Effect of test charge on electric field intensity Obviously on the macroscopic scale, having a test charge being a proton produces no noticeable change in the electric field produced by a charged body.
However, on the microscopic level this would definitely make a difference. So, does a positive test charge (+e) cause the apparent electric field intensity (produced by a change say +10e) to be larger or smaller than the actual value?
What would happen if the source charge was negative?
Does it have to do with the attraction or repulsion between unlike and like charges?
 A: "Does it have to do with the attraction or repulsion between unlike and like charges?" Yes.

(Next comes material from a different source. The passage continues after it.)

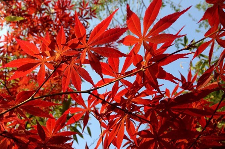 雞爪槭葉一般也是5-9片葉片組成,但是7片居多,無(wú)毛,葉片間開(kāi)裂深度較淺,一般不超過(guò)1/3。葉色在出夏季為綠色,秋季才變紅,冬季凋零。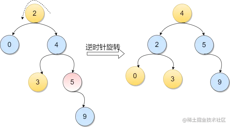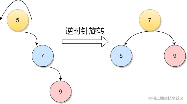 如下图,因为在元素5的右孩子的右孩子插入新的节点,导致元素5的平衡因子从-1变为-2,不在满足根本性质[-1,1],所以需要通过旋转。显然,按照大小关系,结点元素7应作为新的根结点,其余两个节点分别作为左右孩子节点才能平衡,这样看来,仿佛节点元素5绕结点元素7逆时针旋转一样。

The electric field always goes out from positive charges and in towards negative charges. The magnitude of the electric field of the +10e charge is independent of the test charge.
\begin{equation}
E=\frac{Q}{4\pi\epsilon r^2}
\end{equation}
However, the direction of the electric field changes near the vicinity of the test charges. If the test charge is positive then the electric field lines would not meet since the field lines of both the particles are coming out of them and are thus in opposite directions. But if the test charge was negative then the field lines for one particle would be going inside while for the other particle it would be going outside. Since the field lines are going in the same direction (from positive charge towards negative charge) they would meet.
This will happen even if charge placed is $+10e$ while the test charge is only $1e$. Most of the region would be dominated by the field lines of $10e$ however, at some point, close to the $1e$ charge, they will cancel each other out and will not meet- causing the charges to repel.